To solve the problem, we need to find the value of \(\cos z\) where \(z = i\log(2 - \sqrt{3})\).
Let's break this down step by step:
- First, recognize that the logarithm of a number can be complex if the number is negative (or less than 1 in the case of a real base). The expression \(2 - \sqrt{3}\) is a positive real number, less than 1, which can potentially have a complex logarithm.
- Since \(z = i\log(2 - \sqrt{3})\), start by letting \(w = \log(2 - \sqrt{3})\). Then, \(z = iw\).
- To simplify this, let's first convert \(2 - \sqrt{3}\) to its polar form:
- Let \(r = |2 - \sqrt{3}|\). Thus, \(r = \sqrt{(2)^2 + (-\sqrt{3})^2} = \sqrt{4 + 3} = \sqrt{7}\).
- The angle, \(\theta\), for \(2 - \sqrt{3}\) is such that \(\cos\theta = \frac{2}{r}\) and \(\sin\theta = \frac{-\sqrt{3}}{r}\).
- In this case, \(\cos\theta = \frac{2}{\sqrt{7}}\) and \(\sin\theta = \frac{-\sqrt{3}}{\sqrt{7}}\), driven from the Cartesian coordinates.
- Upon finding \(\theta\), the logarithm in polar form is: \(\log(2 - \sqrt{3}) = \ln(\sqrt{7}) + i\theta\).
- Substitute this into \(z = iw\):\[ z = i(\ln(\sqrt{7}) + i\theta) = i\ln(\sqrt{7}) - \theta. \]
- Now, we must evaluate \(\cos z\), where \(z = i(w) = i\ln(\sqrt{7}) - \theta\).
- The expression simplifies to \(\cos(i\ln(r)) = \cosh(\ln(\sqrt{7}))\).

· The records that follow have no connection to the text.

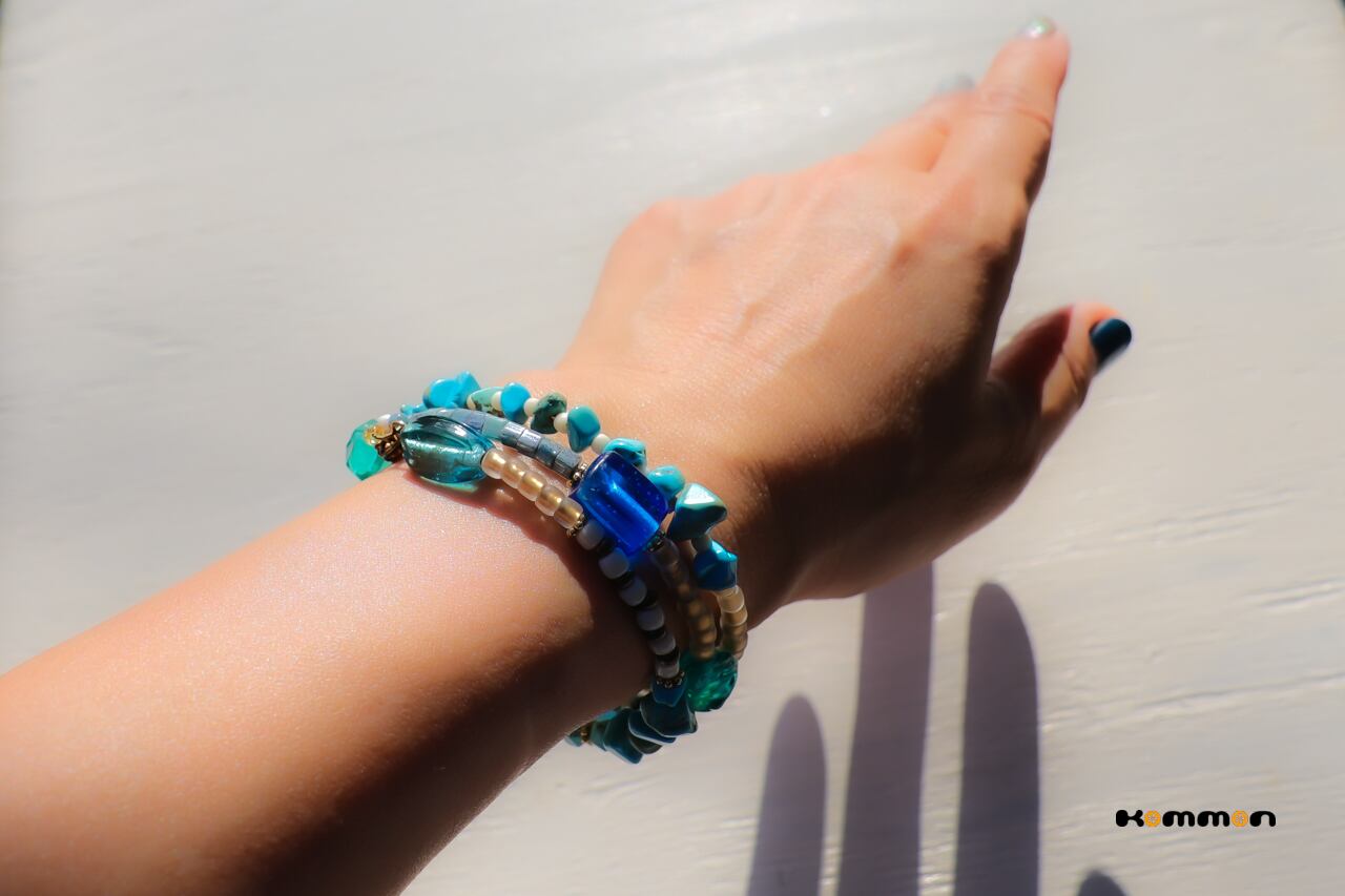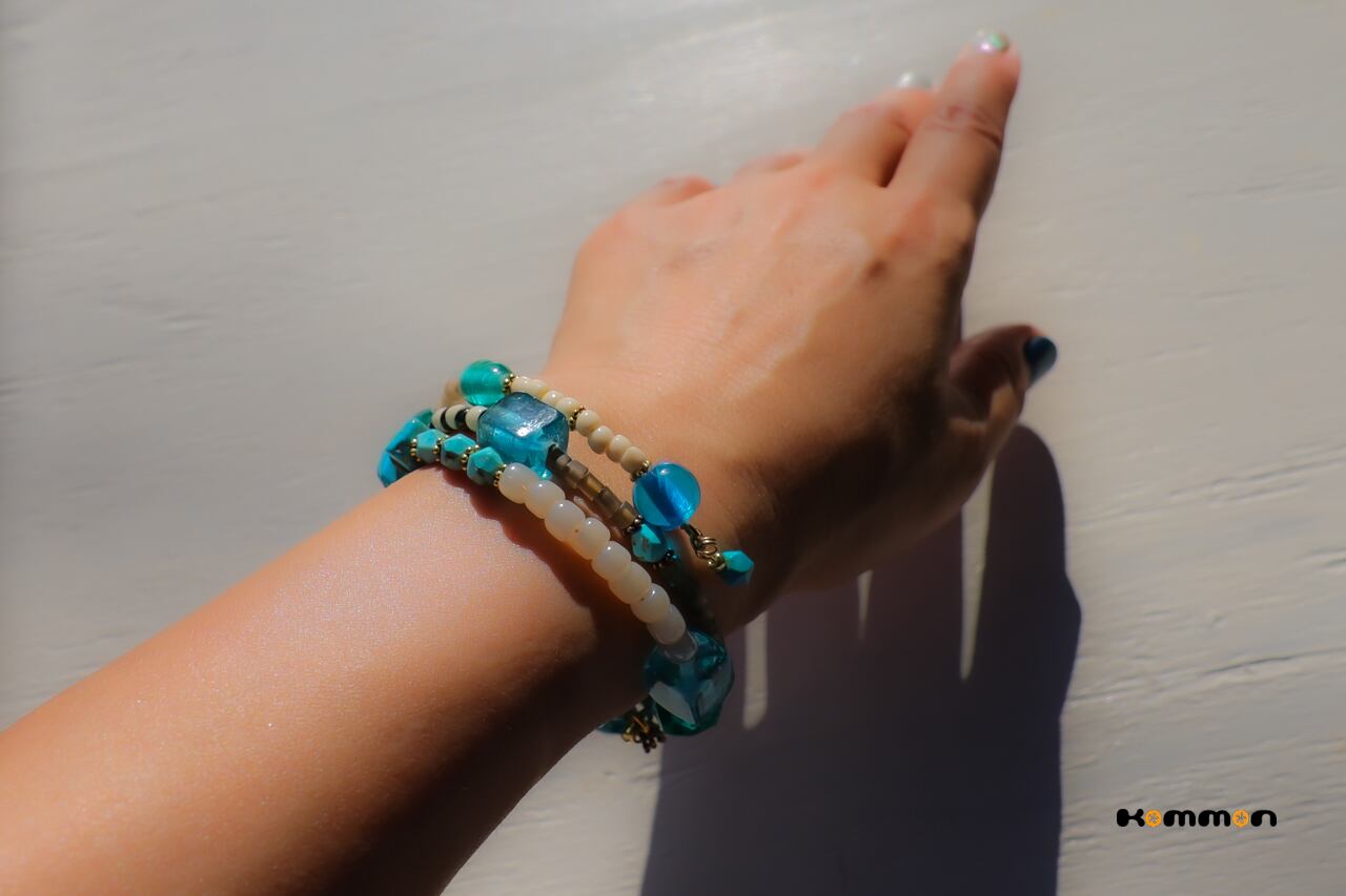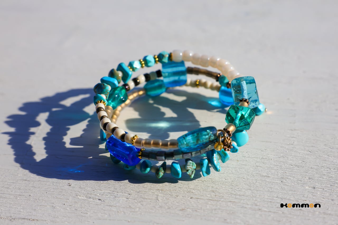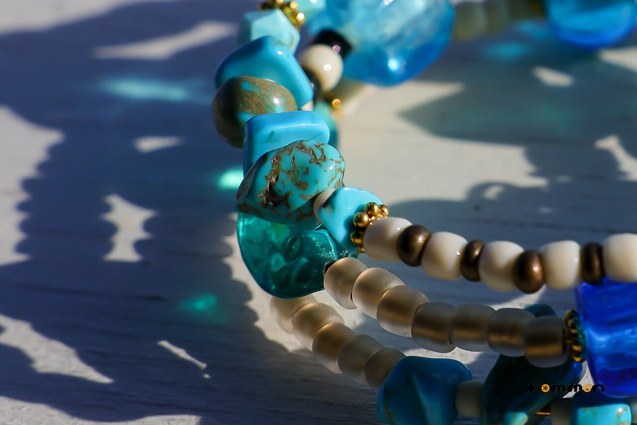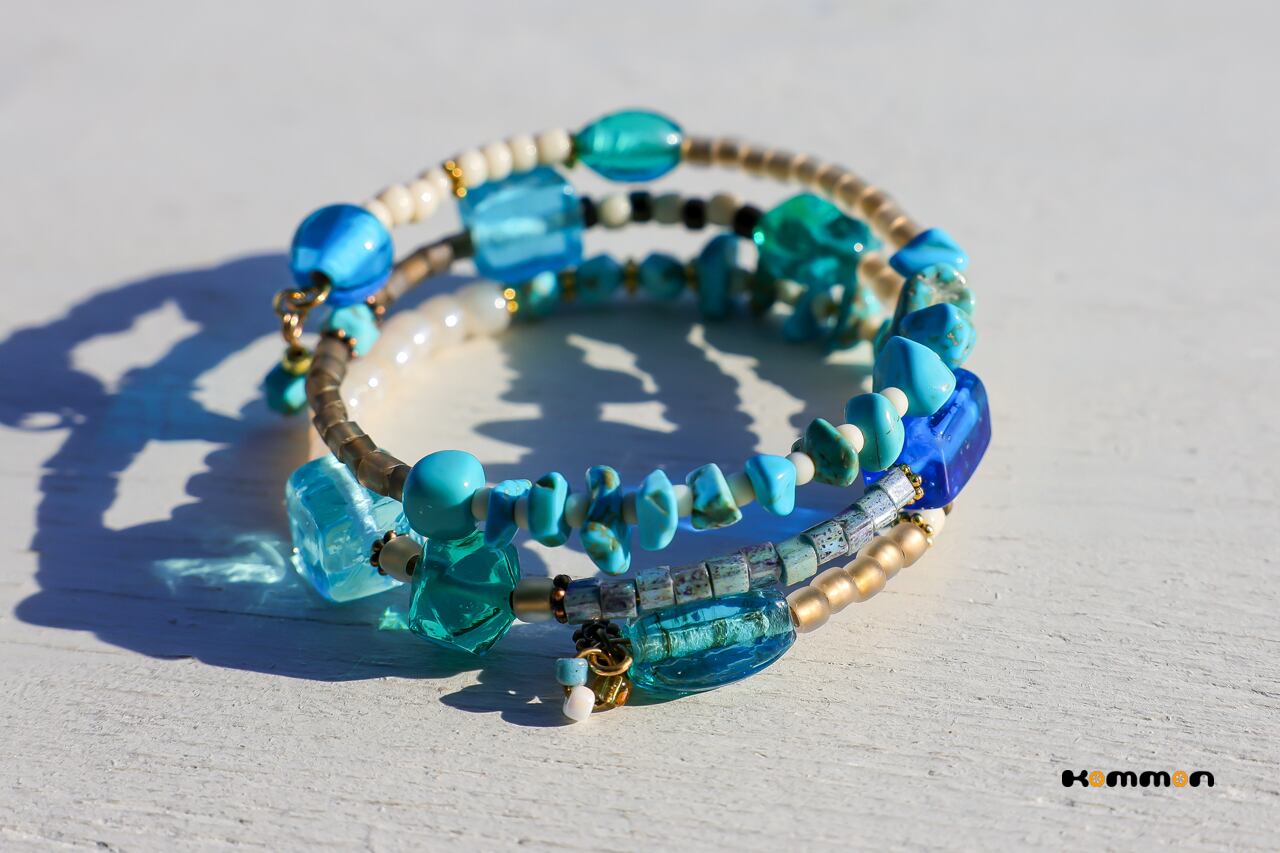 こちらは、夏らしいブルーが基調の大粒ビーズに、ターコイズのサザレ石や日本製高級シードグラスビーズなどを組み合わせてデザインしました。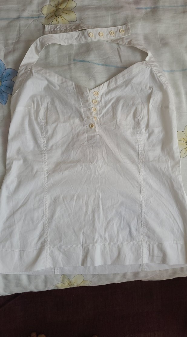 Düğmeli Boyundan Askılı Yaka Kolsuz Beyaz Pamuklu Bluz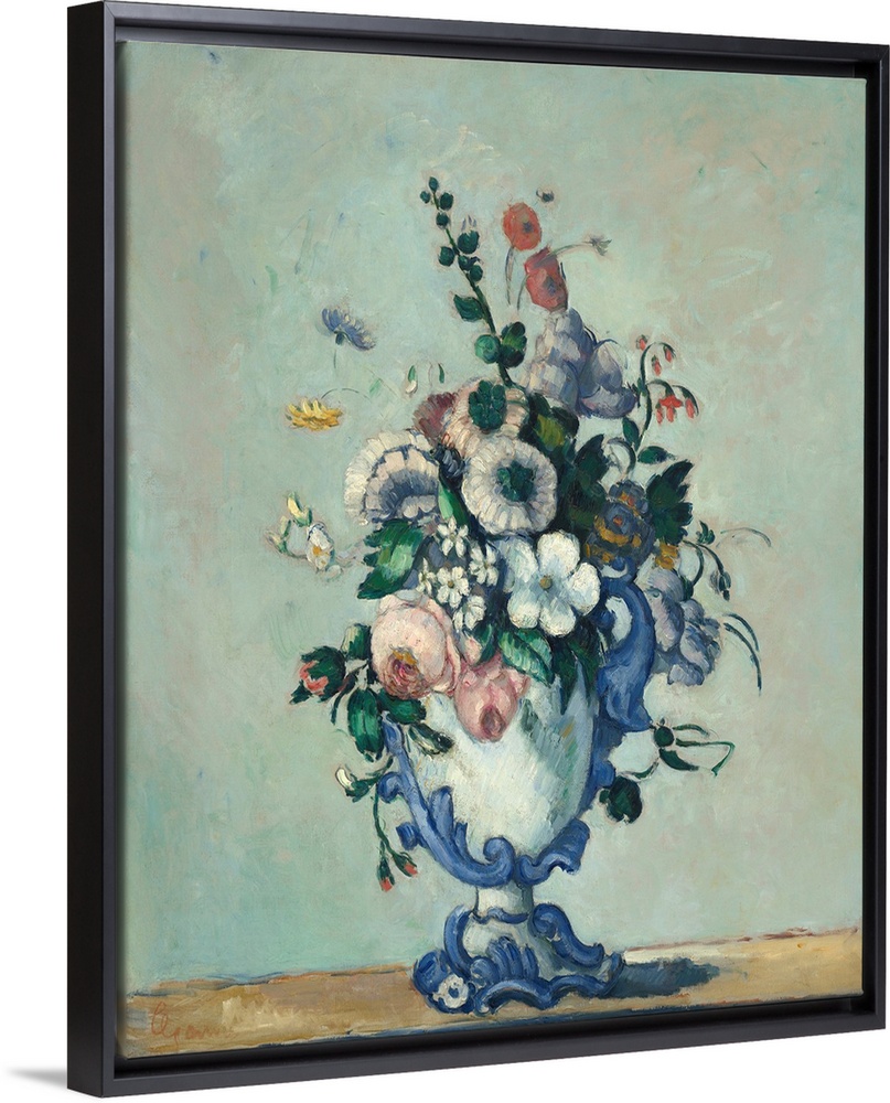 <p>Flowers in a Rococo Vase, by Paul Cezanne, 1876, French Post-Impressionist painting, oil on canvas. Cezanne's pallet became lighter from the influence of the Paris impressionist painters. He exhibited with the Impressions in 1874 and 1877</p>

- By definition of \(\cosh\), this becomes:
\[ \cosh(x) = \frac{e^x + e^{-x}}{2} \implies \cosh(\ln(\sqrt{7})) = \frac{\sqrt{7} + \frac{1}{\sqrt{7}}}{2} = \frac{7 + 1}{2 \cdot \sqrt{7}} = \frac{8}{2 \cdot \sqrt{7}} = 2. \]
Thus, the value of \(\cos z\) is \(\boxed{2}\).